Вода подбиралась все ближе, темная, мутная. Напиталась мрачной силой Чернобога – или потемнела от крови людей и скота, сгубленных безудержным водоворотом? Марья видела, что кто-то еще пытается барахтаться. Люди спешили в церкви, словно сами опрометью кидались в ловушку – на что они надеялись?
Марья подняла голову к небу, боясь увидеть грозный лик Белобога. Он должен был почувствовать, как уничтожают его любимый город, где каждый день раздавались радения в его честь. Небо хмурилось и грохотало громами. Что богам человеческие города? Сотрется один – будет другой. Китеж оставили на растерзание Чернобогу.
Кощей дождался, когда вода хлынет к стенам.

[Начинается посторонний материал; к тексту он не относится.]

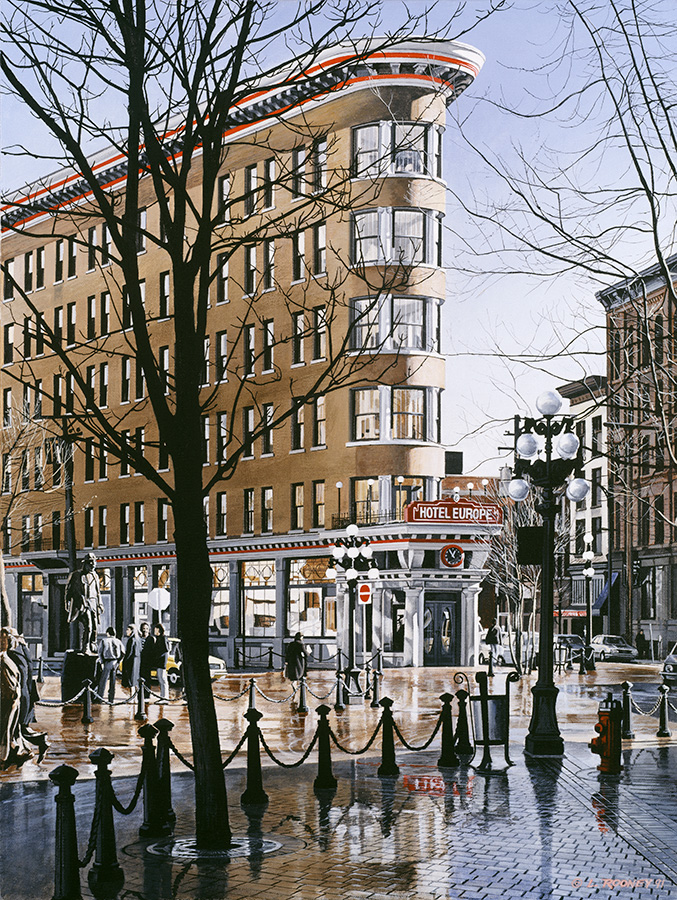 This Vancouver Gastown scene was also published as an art card in 1991, however my publisher took it out of print in 1995. I guess the tourists didn’t like this one as much as the Steam Clock image. Too bad, this was my favorite out of the two. In my first year at Emily Carr College of Art in 1980, the school was located at 21 Water Street, just a head turn to the left from this scene. Myself and other students used to eat lunch in the pub that used to occupy the ground floor of the Hotel Europe. Cheap beer, even back then—60¢ a glass.
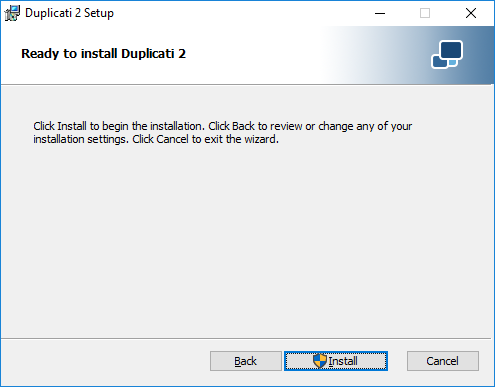 The installation procedure for Windows systems is pretty straightforward. Download the Windows MSI installer package from https://www.duplicati.com/download. If you have a 32 bit version of Windows, download the Windows 32 bit installer package.

Земля под Китежем дрожала, и весь остров опускался под воду, отряхиваясь, как мокрый пес… Даже Марья не выдержала, ахнула, отступая подальше от края стены. Волна поднималась над ними. Задирая голову, Марья захотела закричать. Первые капли тяжело упали на ее лицо. Рядом, вздрагивая, плакала ведьма, поверившая в свою смерть.
Кощей подхватил их вихрем и ринулся в небо, оставив Китеж с его княжичем тонуть.
***
Марья едва могла отдышаться; ей до сих пор казалось, что она идет ко дну. Вода забивала горло, мешала вдохнуть. Рухнув без сил, она почувствовала под собой твердую землю и траву, а не колыхающееся бездонное озеро, и распахнула глаза. Неловко поднялась, отряхнула колени от травы дрожащими руками. Любава лежала рядом, свернувшись в клубок и тихо всхлипывая…
Там, где стоял Китеж, покоилось озеро Светлояр. Ни красивых теремов, ни величественных храмов, из-за деревьев сияющих круглыми куполами, ни даже обломков моста на берегу – вода слизнула все, похоронила, словно никогда и не было города. Будто он лишь сон. Только отзвук колокольного звона послышался и растаял.
Она обернулась и увидела Кощея, терпеливо ожидавшего чего-то.
– Боишься меня? – выдохнуло существо, бывшее ее мужем.
Марья протянула руку, коснулась искаженных черт. Заострившееся, упырье лицо, острые клыки, черные вены, проступающие через бледную кожу. Может, не проживи Марья столько лет в Лихолесье, она закричала бы. Но она спокойно смотрела в черные глаза и видела свое отражение. Хотя внутри у нее все звенело от ужаса – не за себя, за него.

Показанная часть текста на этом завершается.